Wednesday, September 30, 2015

Blowhard Bill Donohue compares Kim Davis to Nazi resistance

In the October newsletter of the Catholic League its president, Bill Donohue compares what Kim Davis did to the Nazi resistance. I am equally appalled as a Jew and as a gay man. Although he is divorced, Donohue is a fanatical Catholic apologist. He writes:
An obvious example where the positive law violates the natural law occurred in Nazi Germany. Under Hitler, Nazis were obliged to murder Jews; the positive law demanded that they do so. After the war, at the Nuremberg trials, some high-ranking Nazis were put on trial. Their defense attorneys argued, quite rightly, that they were just following orders. But it was their contention that they should not therefore be prosecuted that proved debatable. This position was rejected by the courts: it was held that they knew that what they did was morally wrong.

Today we have another showdown between the positive law and the natural law. Enter Kim Davis. This Kentucky county clerk invoked her Christian-held beliefs as the basis of refusing to issue marriage licenses to gay couples. Was it fair to arrest her? Yes. Did they have to put her in jail? No. Was she right to refuse? Yes. I hasten to add that had she taken this job after the high court ruled on this issue, I would not defend her (to take a job one cannot in conscience do is indefensible). However, that was not the case: When she was elected to this post, gay marriage was illegal and those who elected her were opposed to it. The court changed, not her or her backers.
Donohue follows a long line of Christians who refuse to analyze the underlying facts. “Christian held beliefs” should be subject to critique. Yet Donohue claims that Davis has a right to refuse without explaining why. There are many things that Donohue fails to explain.
  1. How does Davis' name pre-printed on forms – issued by others – connote her approval of same sex marriage and form a religious objection?
  2. (I think that the matter stops at question one but suppose her objection is reasonable); How is her objection balanced against her obligations as a government official?
  3. How are Davis' free exercise rights, as a government official, balanced against the constitutional right of gay people to marry?
  4. How does the imposition of religious beliefs on a government bureau not violate the Establishment Clause of the First Amendment?
Donohue does not address these issues. Donohue avoids answering question three, regarding the constitutional rights of gay citizens, with this unoriginal sophistry:
Nowhere in the Constitution do the words marriage, family, or sexual orientation appear. It has generally been understood that when rights are not mentioned in the Constitution, it is up to the states to rule on them, not the federal government. In his dissent, Chief Justice John Roberts wrote that the right of two men to marry was a “right imagined by the majority,” one that is not “actually spelled out in the Constitution.”
“Not in the Constitution” or “not the original intent” would void many landmark decisions including Brown v. Board or Education (integration of public schools), Loving v. Virginia (eliminating bans on interracial marriage) and Gideon v. Wainwright (constitutional right to counsel). None of these rights are mentioned in the Constitution. Bill alleges a Tenth Amendment (states' rights) conflict. However, in these three landmark rulings (I could list many more) the Supreme Court instructs what is permissible by, or required of, our states.

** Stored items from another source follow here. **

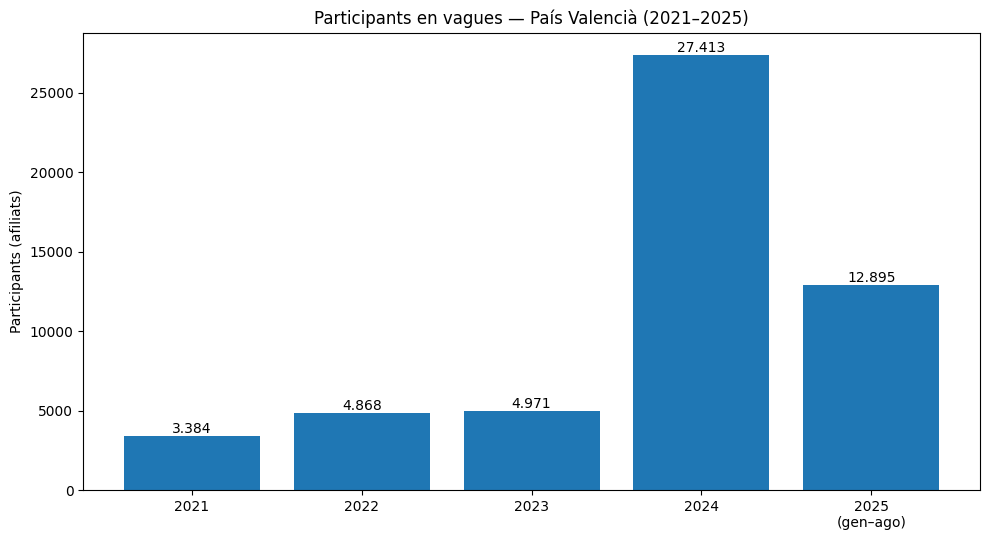 Les dades oficials del Ministeri de Treball apunten que les protestes sindicals al País Valencià han fet un salt fort en l’últim bienni si es mira el volum d’afiliats que han secundat vagues: 3.384 participants en 2021 i 4.868 en 2022. El resultat és que es manté pràcticament estable en 2023 (4.971), i una pujada molt marcada en 2024 (27.413). El 2025 (gener-agost), amb dades provisionals, la xifra baixa a 12.895 afiliats participants. En jornades no treballades, el 2021 en suma 6.897 al País Valencià; i, segons els mateixos butlletins, els valors estimats per al 2022 i el 2023 ronden les 10.000 jornades, mentre que 2024 s’enfila cap a les 29.000 (per l’augment de participants, tot i que la durada mitjana per participant és menor).
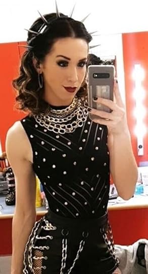 The black crop top with red trimming has been replaced with a MAGNIFENT red top (longer than her previous crop top with lots of silver studding, a mini faux black corset, lots of silver chains draping everywhere, and magnificent sleeves made up of gridded silver studded red leather strips. I wish I had a picture of this so badly, as it doesn’t show up as much under her jacket, but when she strips in her song, it’s super visible and AMAZING.
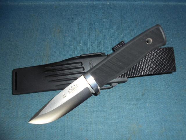The knife is 8.5" overall with a chequered Thermorun grip, and the knife has its original sheath S/n 03384
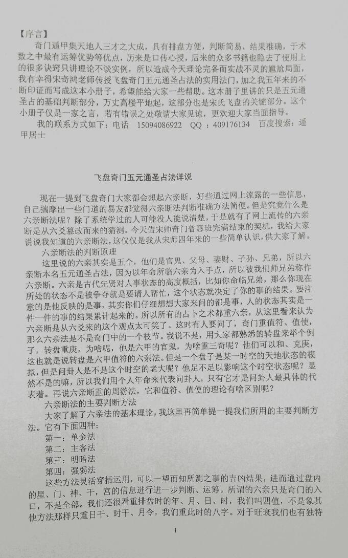 奇门遁甲集天地人三才之大成,具有排盘方便,判断简易,结果准确,于术数之中最有运筹优势等优点,历来是口传心授,后来的众多书籍也隐去了使用上的很多诀窍只讲理论不谈实例,所以造成今天理论完备而实战不灵的尴尬局面,我有幸得宋奇鸿老师传授飞盘奇门五元通圣占法的实用法门,加之我五年来的不断印证而写成这本小册子,希望能给大家一些帮助。这本册子里讲的只是五元通圣占的基础判断部分,万丈高楼平地起,这部分也是宋氏飞盘的关键部分。这个小册子仅是一家之言,若有错误之处敬请大家见谅,更欢迎大家当面指导。

Quoting dissenters is futile. They express the losing arguments; those that failed to persuade the majority. The bottom line to all of this hyperbole is that the issue is settled. Gays have the constitutional right to marry. Neither Bill Donohue nor Kim Davis have a say. Unless or until a constitutional amendment changes the outcome of Obergefell v. Hodges, that is the law of the land.

This is not Bill's hobby. In 2013 Donohue was paid $475 thousand. That's out of line for a $3 million operation with declining contributions and only a handful of employees. His excess compensation is a debatable issue. The comparison of Davis to a Nazi resister should not be debatable. It is inexcusable.